**What is being asked:** The data below is to be written out exactly, with no pictures.

**Data extract:**
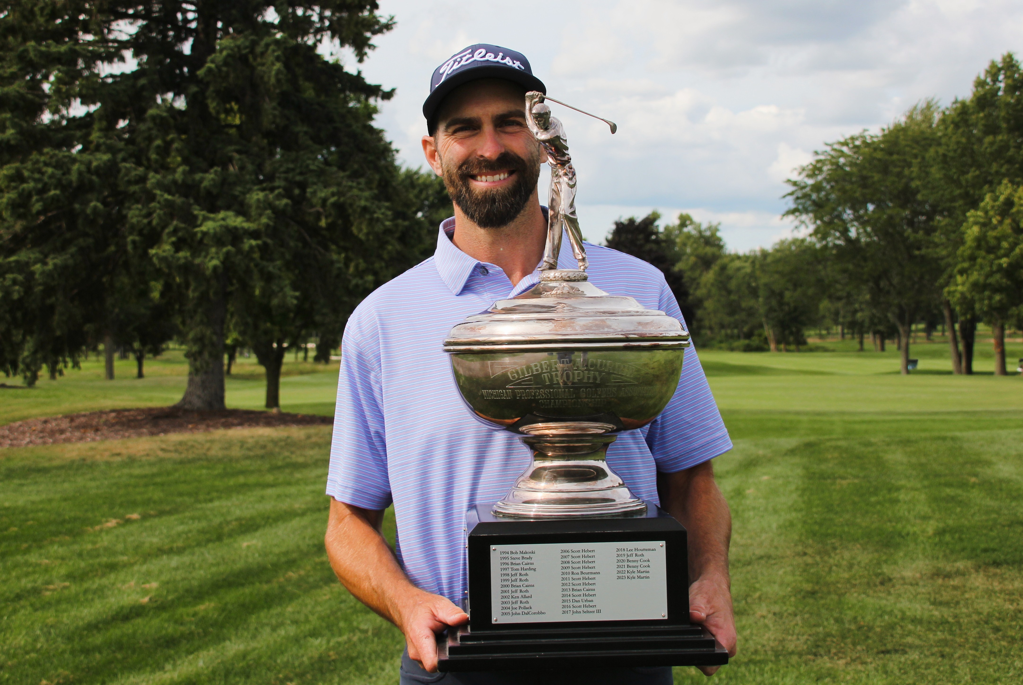 Patrick Wilkes-Krier Wins Michigan PGA Professional Championship Patrick Wilkes-Krier, the proprietor of Kendall Golf Academy in Ypsilanti, birdied the par 5 final hole with a 76-yard pitch shot approach and two-foot tap-in to win the 104th Michigan PGA Professional Championship at Walnut Creek Country Club. It was the first individual professional win for Wilkes-Krier, an Ann Arbor native and resident, since 2012 during his eight years of mini-tour golf following college golf at Ball State University in Indiana. Wilkes-Krier started the final round with a three-shot lead and maintained it until a double-bogey at No. 10, followed by a bogey at 11. That opened the door for other players, but he birdied four of his final seven holes. He took home the $7,500 first-place check and will have his name added to the historic Gilbert A. Currie Trophy. In addition, he will be awarded an exemption into the PGA Tour’s Rocket Classic next summer at Detroit Golf Club, and he secured a spot in the PGA Professional National Championship at Bandon Dunes Resort in Oregon next spring. “There’s so many levels to this,” he said in reaction to his win. “I’m so excited to play at Bandon Dunes – that’s the main goal when you come here, just to get a shot. I want to play in that PGA Professional Championship so badly and that venue is going to be so awesome.” Those joining Wilkes-Krier at Branon Dunes are Scott Hebert from Traverse City Golf & Country Club, Jeff Roth from BOYNE Golf Academy, Ryan Lenahan from Walnut Creek Country Club, Adam Schumacher from Point O’Woods Golf & Country Club, Tim Pearce from Birmingham Country Club, Matt Thompson from Hillsdale College, Brian Cairns from Fox Hills Learning Center, Kyle Martin from Lochmoor Club, Josh Fyer from Franklin Hills Country Club, Kosta Ramierz from Kosta Ramirez Golf Academy, and Scott Brotebeck from Walnut Creek Country Club. We would like to thank Walnut Creek Country Club for hosting this year’s major, our presenting sponsors: Club Car, Corebridge Financial, and Rolex, our supporting partners: Gallagher, the Golf Channel and PGA TOUR, and our supporting sponsors: Titleist/Footjoy, Callaway Golf, Nike and TaylorMade. |
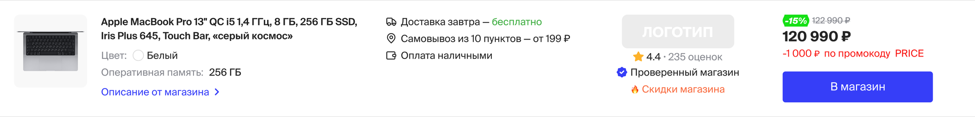 Товар, представленный на Price.ru, должен быть в наличие на сайте интернет-магазина партнера.
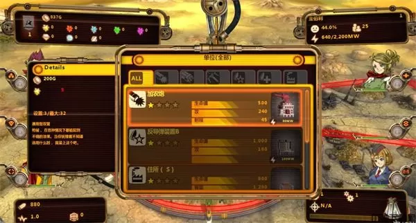 3.绝对迎击兵器:剧情第一次打败BOSS后可开发,独一无二的超级武器,需要依靠杀敌收集能量来充能,只有充满后才可发射,充满后的能量够放2发,按方块键进入发射界面手动瞄准,可以只放一发后按叉键退出。伤害极高,BOSS战时请不要乱用

**Written response:**
 Patrick Wilkes-Krier Wins Michigan PGA Professional Championship Patrick Wilkes-Krier, the proprietor of Kendall Golf Academy in Ypsilanti, birdied the par 5 final hole with a 76-yard pitch shot approach and two-foot tap-in to win the 104th Michigan PGA Professional Championship at Walnut Creek Country Club. It was the first individual professional win for Wilkes-Krier, an Ann Arbor native and resident, since 2012 during his eight years of mini-tour golf following college golf at Ball State University in Indiana. Wilkes-Krier started the final round with a three-shot lead and maintained it until a double-bogey at No. 10, followed by a bogey at 11. That opened the door for other players, but he birdied four of his final seven holes. He took home the $7,500 first-place check and will have his name added to the historic Gilbert A. Currie Trophy. In addition, he will be awarded an exemption into the PGA Tour’s Rocket Classic next summer at Detroit Golf Club, and he secured a spot in the PGA Professional National Championship at Bandon Dunes Resort in Oregon next spring. “There’s so many levels to this,” he said in reaction to his win. “I’m so excited to play at Bandon Dunes – that’s the main goal when you come here, just to get a shot. I want to play in that PGA Professional Championship so badly and that venue is going to be so awesome.” Those joining Wilkes-Krier at Branon Dunes are Scott Hebert from Traverse City Golf & Country Club, Jeff Roth from BOYNE Golf Academy, Ryan Lenahan from Walnut Creek Country Club, Adam Schumacher from Point O’Woods Golf & Country Club, Tim Pearce from Birmingham Country Club, Matt Thompson from Hillsdale College, Brian Cairns from Fox Hills Learning Center, Kyle Martin from Lochmoor Club, Josh Fyer from Franklin Hills Country Club, Kosta Ramierz from Kosta Ramirez Golf Academy, and Scott Brotebeck from Walnut Creek Country Club. We would like to thank Walnut Creek Country Club for hosting this year’s major, our presenting sponsors: Club Car, Corebridge Financial, and Rolex, our supporting partners: Gallagher, the Golf Channel and PGA TOUR, and our supporting sponsors: Titleist/Footjoy, Callaway Golf, Nike and TaylorMade. |
 Товар, представленный на Price.ru, должен быть в наличие на сайте интернет-магазина партнера.
 3.绝对迎击兵器:剧情第一次打败BOSS后可开发,独一无二的超级武器,需要依靠杀敌收集能量来充能,只有充满后才可发射,充满后的能量够放2发,按方块键进入发射界面手动瞄准,可以只放一发后按叉键退出。伤害极高,BOSS战时请不要乱用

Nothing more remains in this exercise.